Background & Motivation¶
Background: Text-guided image inpainting mainly leverages the priors of large-scale text-to-image diffusion models. Existing approaches generally fall into two categories: one is fine-tuning (such as BrushNet/SDXL-Inpainting, which adds trainable branches to a frozen backbone or fine-tunes the entire U-Net with mask conditions), and the other is training-free (such as Blended Latent Diffusion (BLD), which blends the "noised latent of the known region" and the "predicted latent of the model" according to the mask at each step of the multi-step denoising process to gradually align the generated content with the background). Both categories can produce high-quality results, but both rely on dozens to hundreds of sampling steps, leading to high latency and making real-time deployment difficult.
Limitations of Prior Work: Directly applying mature few-step text-to-image models (4–8 steps or even 1 step, such as SANA-Sprint, SDXL-Turbo) to inpainting does not work. BLD's blending strategy is effective in multi-step models because each denoising update is very small, allowing the generated content to merge smoothly into the context. However, in few-step models, each step is a "large-stride ODE update" with almost no buffer. Once the initial noise is semantically distant from the known region, a few coarse updates cannot correct it, resulting in blurry inpainted regions and artifacts where the style/semantics are disconnected from the background. Currently, the only successful few-step specialized solution, TurboFill, trains an inpainting adapter on a distilled model using 3-step adversarial training, but it is highly complex to design, requires real-image supervision, is computationally heavy, and has only been validated on U-Net.

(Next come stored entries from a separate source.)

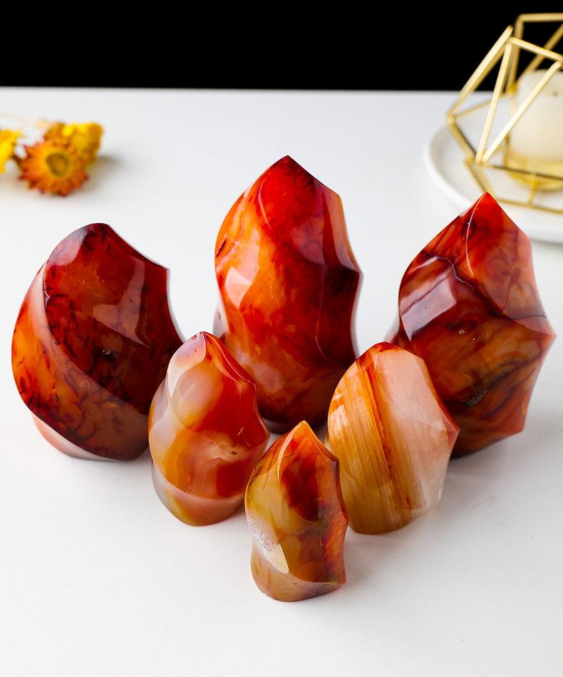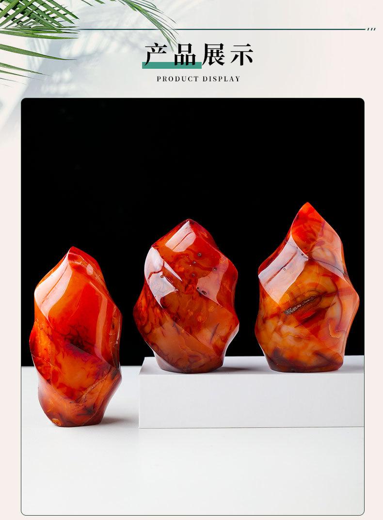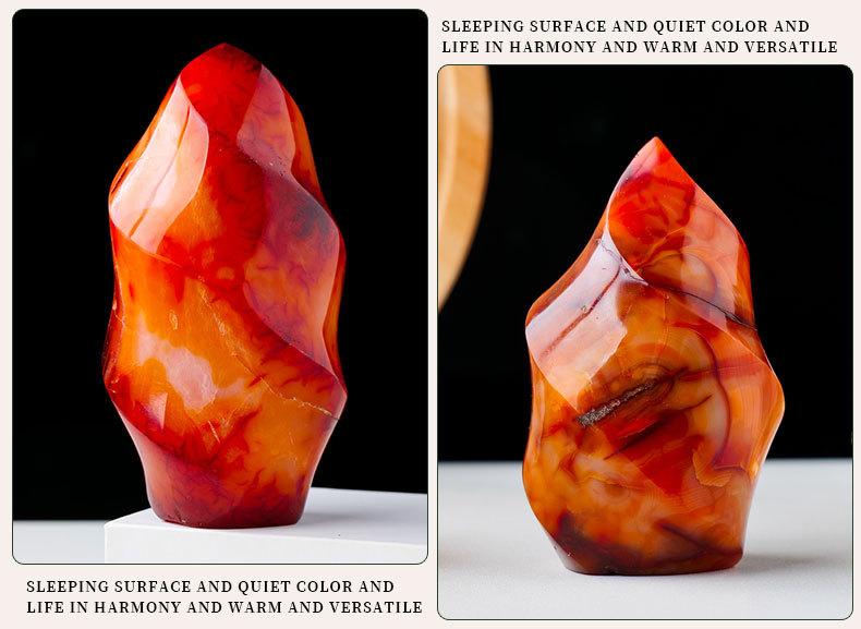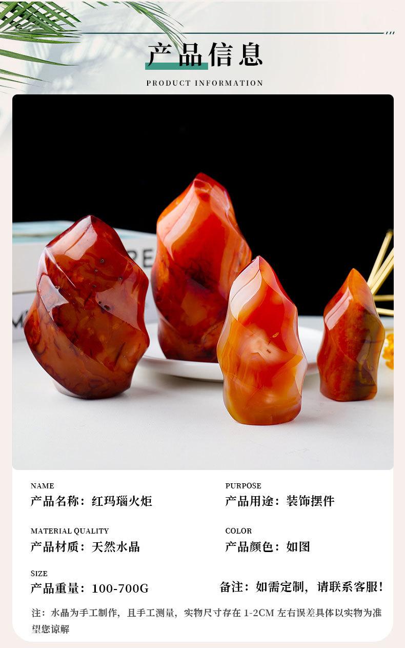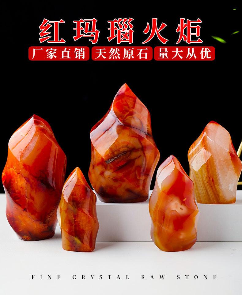 Antorcha de ágata roja natural tallada, espécimen de mineral de piedra de ágata, adornos decorativos para el hogar de Halloween europeos y americanos.
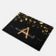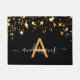 Um fundo preto chic com estrelas de ouro sujo. Personalize e adicione seu nome de família e sua primeira letra. Letras brancas e ouros coloridas. Glamoroso e moderno para sua casa. O nome da família é escrito com um script de estilo tendencioso com letras de mão com baloiços. Para manter as hastes, exclua apenas o nome da amostra, deixe os espaços ou emoji na frente e depois do nome.
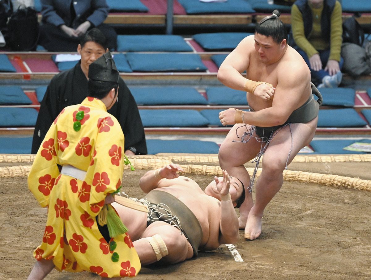 【初の三段目だった昨年11月の九州場所はけがで途中休場。悔しさを味わったが、再び力を蓄え三段目に戻ってきた。春場所12日目、6番相撲で勝ち越しを決め、幕下昇進を確実に。取組後は晴れやかな表情を浮かべた】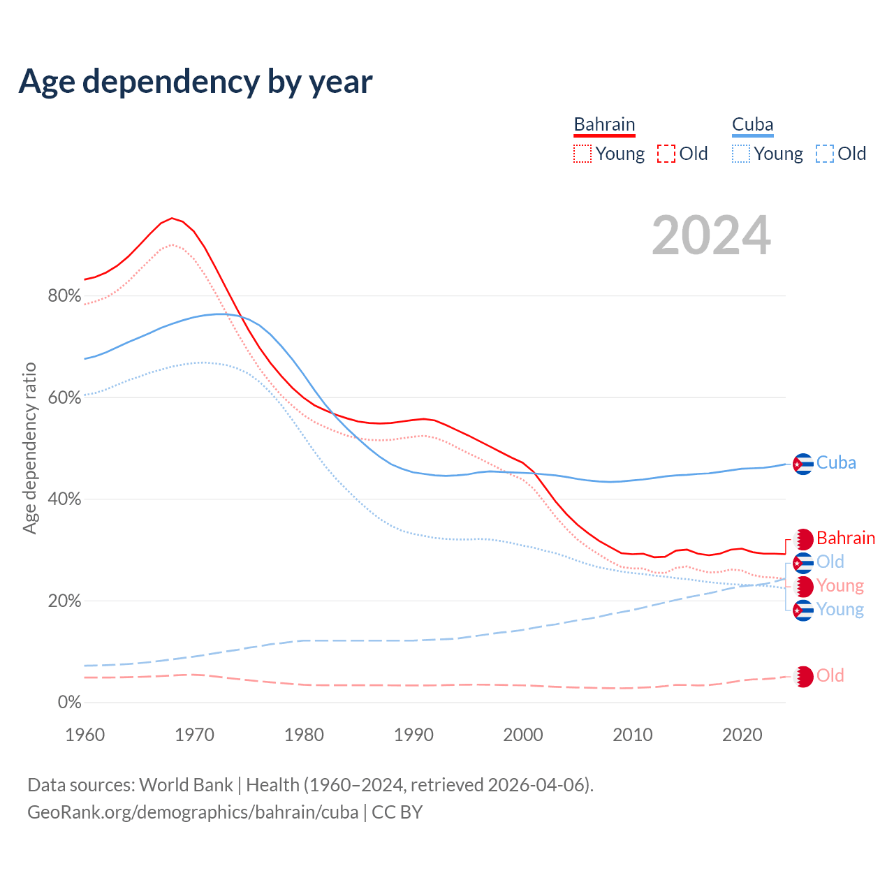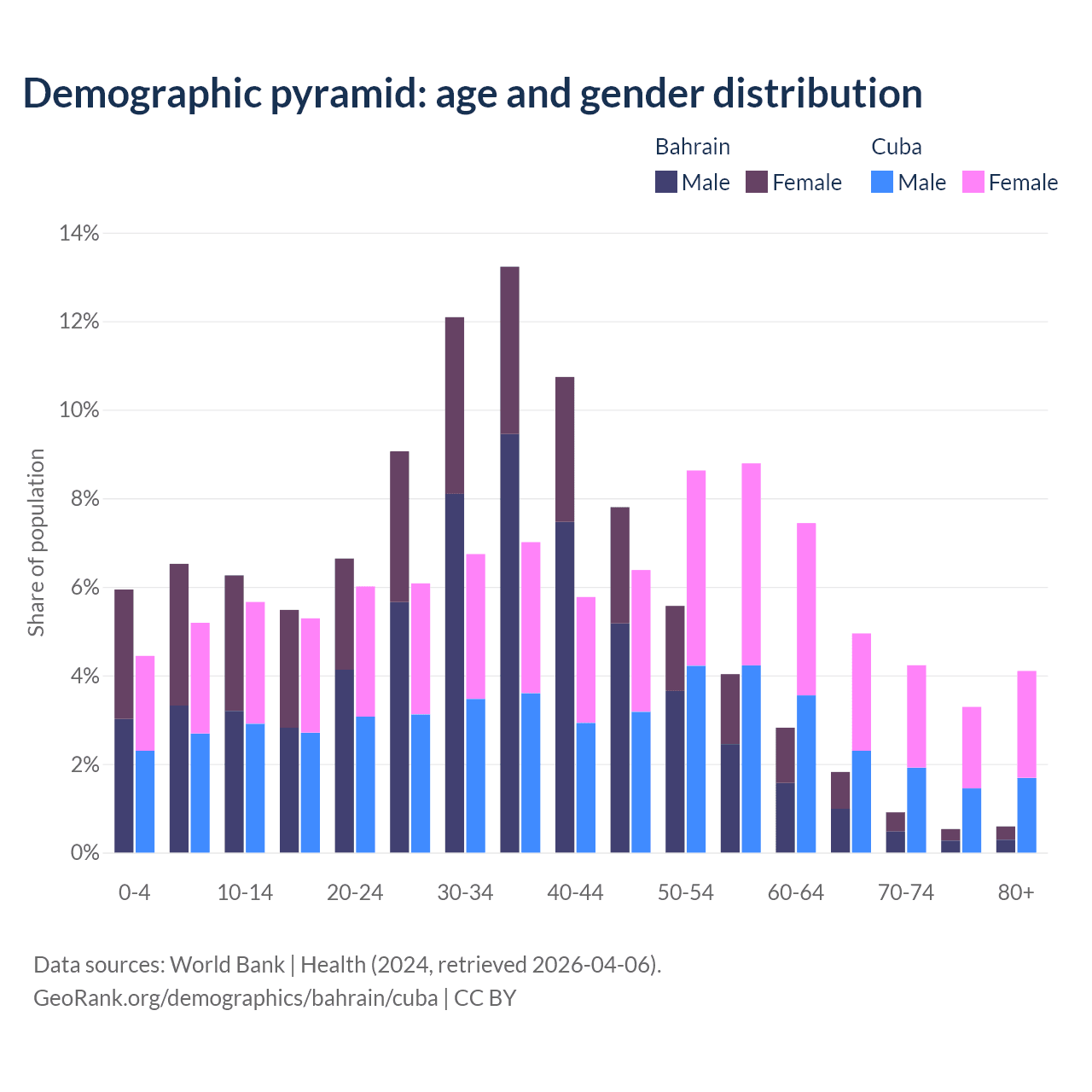 - Bahrain is ranked 80/196 by median age (oldest to youngest) vs 27/196 for Cuba.

Key Challenge: Standard diffusion pipelines always start from pure Gaussian noise. This starting point is completely agnostic to the "semantics and structure of the known region," essentially injecting a random initialization unrelated to the context. Multi-step models rely on a large number of denoising steps to slowly correct this mismatch, whereas few-step/one-step models lack this "correction budget," causing the semantic misalignment from initial randomness to persist all the way to the output. Therefore, the root of the problem lies not in the sampling strategy itself, but in the semantics of the initial noise.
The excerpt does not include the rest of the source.